======== Provided material
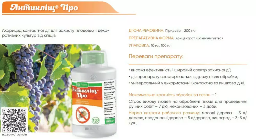 Антиклещ Про - Акарицид контактного действия для защиты плодовых и декоративных культур от клещей.
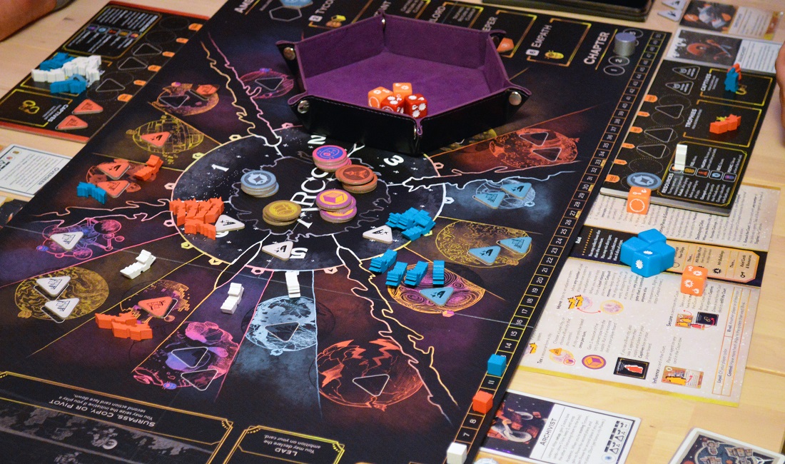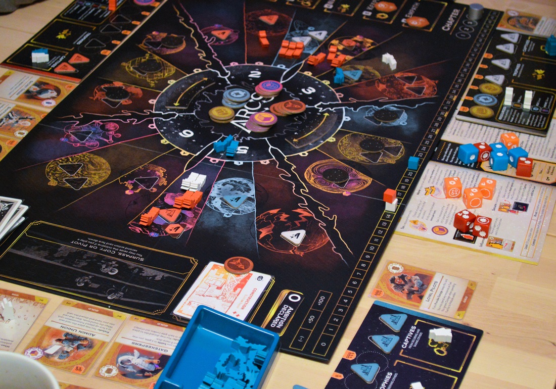 Первую партию с объяснением правил мы отыграли часа за три, а на вторую потратили чуть больше двух. Там уже добавили лидеров и доп-свойства, что сделало стороны уникальными. Благодаря костяку, основанному на взятках, и простым базовым действиям, события развивались достаточно динамично. Быстро менялась и ситуация на поле, посему назвать Arcs какой-то вдумчивой и размеренной стратегией язык не поворачивается. Всё тут нацелено на то, чтобы подрезать соперников, усыплять бдительность, выискивать хитрые лазейки, объединяться и душить лидера. Механика взяток, планировка поля, жетоны ресурсов с бонусными действиями, карты рынка с мощными свойствами – всё способствует агрессии с щепоткой хаоса.
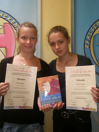 „Schreiben ist leicht. Man muss nur die falschen Wörter weglassen“, fand Mark Twain – und schrieb ein erfolgreiches Buch nach dem anderen. Ob Antonia Hütten und Clara Güsgen aus der 7a auch einmal so weit kommen, steht in den Sternen. Fest steht aber, dass die von ihnen gemeinsam geschriebene Geschichte über eine Mädchenfreundschaft den Juroren des Schreib-Talente-Wettbewerbs so gut gefallen hat, dass sie jetzt in einem Buch abgedruckt ist. 574 Geschichten und 196 musste die Jury dieses Jahr bewerten und in allen ging es irgendwie um das Thema „Fluss“.
================
• [Description of the task]
Reproduce the data word for word, excluding its pictures.

• [Written solution]
 Антиклещ Про - Акарицид контактного действия для защиты плодовых и декоративных культур от клещей.
 Первую партию с объяснением правил мы отыграли часа за три, а на вторую потратили чуть больше двух. Там уже добавили лидеров и доп-свойства, что сделало стороны уникальными. Благодаря костяку, основанному на взятках, и простым базовым действиям, события развивались достаточно динамично. Быстро менялась и ситуация на поле, посему назвать Arcs какой-то вдумчивой и размеренной стратегией язык не поворачивается. Всё тут нацелено на то, чтобы подрезать соперников, усыплять бдительность, выискивать хитрые лазейки, объединяться и душить лидера. Механика взяток, планировка поля, жетоны ресурсов с бонусными действиями, карты рынка с мощными свойствами – всё способствует агрессии с щепоткой хаоса.
 „Schreiben ist leicht. Man muss nur die falschen Wörter weglassen“, fand Mark Twain – und schrieb ein erfolgreiches Buch nach dem anderen. Ob Antonia Hütten und Clara Güsgen aus der 7a auch einmal so weit kommen, steht in den Sternen. Fest steht aber, dass die von ihnen gemeinsam geschriebene Geschichte über eine Mädchenfreundschaft den Juroren des Schreib-Talente-Wettbewerbs so gut gefallen hat, dass sie jetzt in einem Buch abgedruckt ist. 574 Geschichten und 196 musste die Jury dieses Jahr bewerten und in allen ging es irgendwie um das Thema „Fluss“.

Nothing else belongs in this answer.